Travelling carnivals and circuses rarely stay in one place for longer than a few days to a week. They stay longer if they’re near a large city centre, as there are more people, but because they also tend to service a lot of rural areas, they’re only going to get so much audience from staying near the same small towns for several days, and so they will tend to leave quite quickly. This is part of their business strategy, of course, as it is known that they are only present for a limited time, which therefore encourages people to come when they can.

Officials and law enforcement tend to view carnivals and circuses with suspicion, and there are always rumours that circuses and carnivals are full of thieves and other criminals and are only travelling around to rob people and get away with it. Some carnivals do engage in this kind of activity, though they tend to be shut down after word spreads of their unscrupulous behaviour. Most of them operate mostly above board, except for perhaps occasionally ripping people off, but the suspicion is often there. It is true that many criminals take refuge in circuses and carnivals, people who have been convicted of minor crimes or been recently released from captivity, as it is a job where few questions are asked about one’s background and anyone with the relevant skills is hired. Though most people can’t be performers, troupes always need people to set up and take down sets and stages and tents, to tend the animals and pull the carts, to cook the food and maintain the costumes, and so on. Such places tend to be refuges for people with nowhere else to go, and though occasionally this means someone genuinely dangerous or with ill intentions gets in, most of the time they provide help to people who need it. Orphans and homeless people tend to be taken in by carnivals (leading to unfortunate rumours of them kidnapping people, especially children), and find meaningful work and care in those spaces, which help set them up for future careers even if they choose to leave the carnival.

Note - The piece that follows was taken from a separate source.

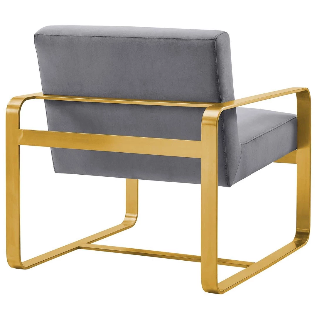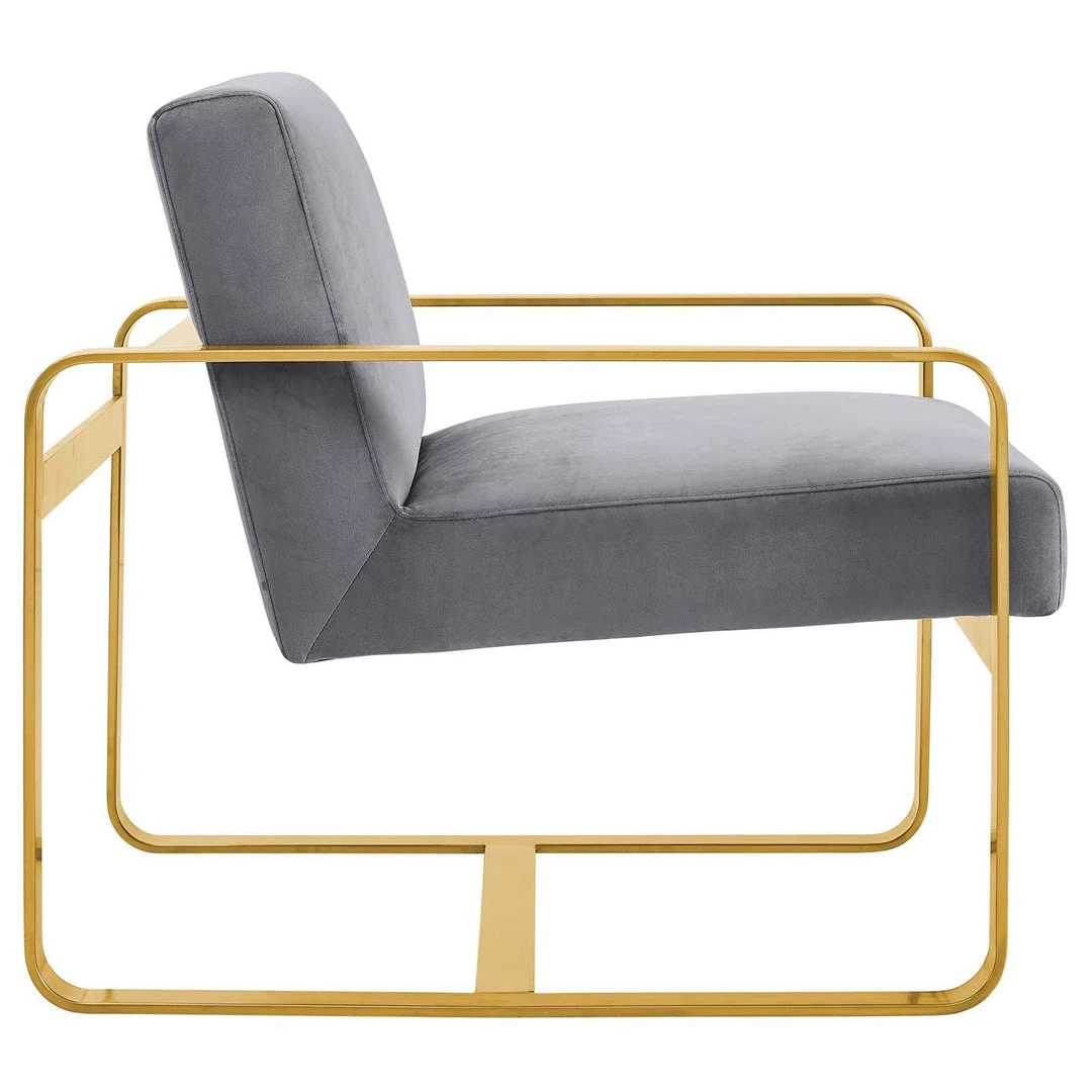 Embrace contemporary inspiration with Astute Performance Velvet Armchair. A modern update to your living room, bedroom, or office, Astute innovates with its artful frame and open design. Featuring a streamlined profile with sleek rounded corners, Astute comes with stain-resistant performance velvet upholstery and a gold stainless steel frame. Invite guests to a unique seating experience with this comfortable, chic lounge chair. Chair weight capacity 330 lbs.
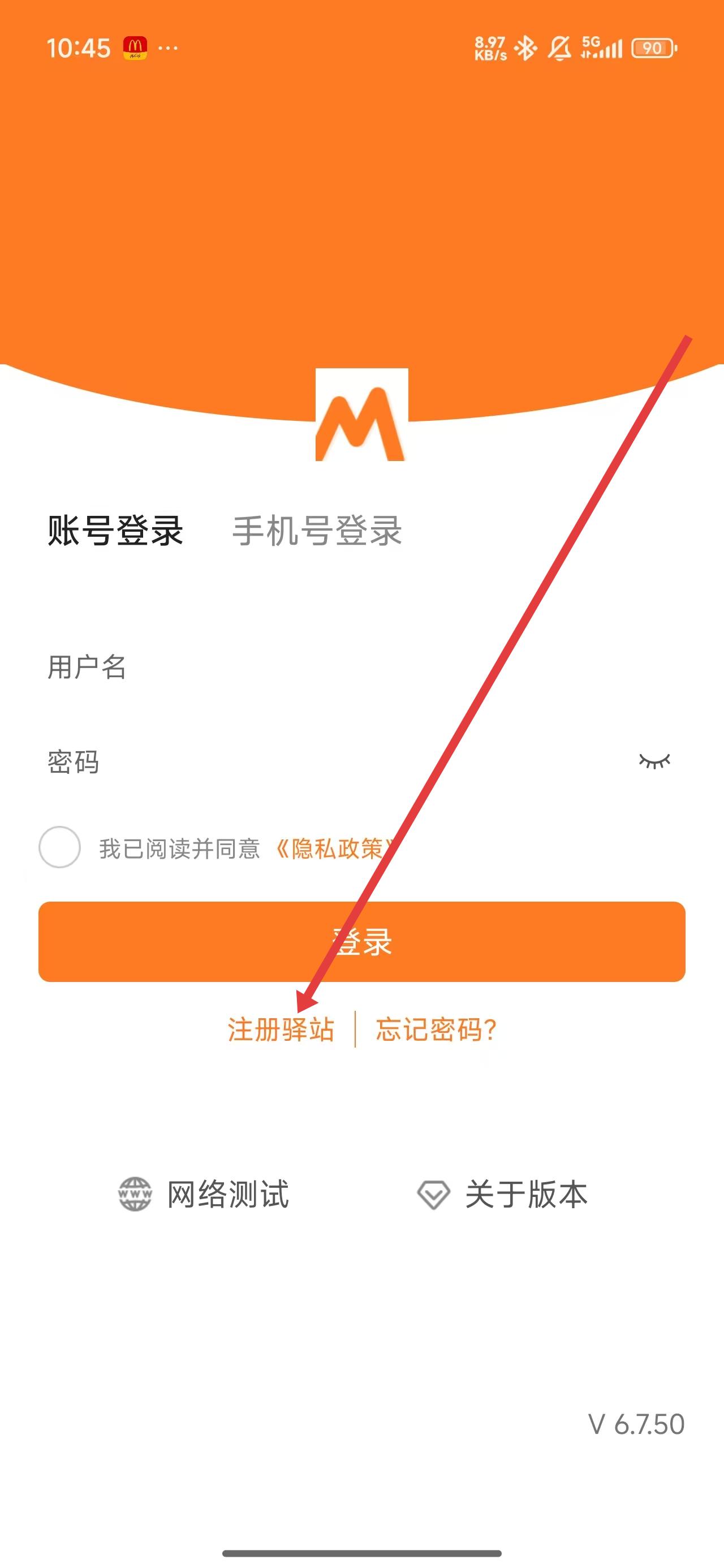 2、在進(jìn)入到登錄頁面中后,若沒有賬號可以點擊注冊驛站按鈕,進(jìn)行注冊操作。

Most carnivals troupes consider themselves as families, and though many of their members are transient, being a member of a troupe means a lifelong attachment to that family, and one to which one can return at any time—presuming they didn’t leave under negative circumstances. The majority of people who grew up in carnivals or circuses have fond memories of them, even if they don’t currently work in one, and credit their upbringings with making them the people they are today. Carnivals exist to spread fun and make people happy, and they have a tendency to do that not only in the short term with ephemeral pleasures, but in the long term as well for the people who become involved with them.

Excerpts from “The Social Institutions of Our Time, Modern Edition,” by Moira Marksadder, published at the Academy for Magecraft in Three Hills, DN 1954.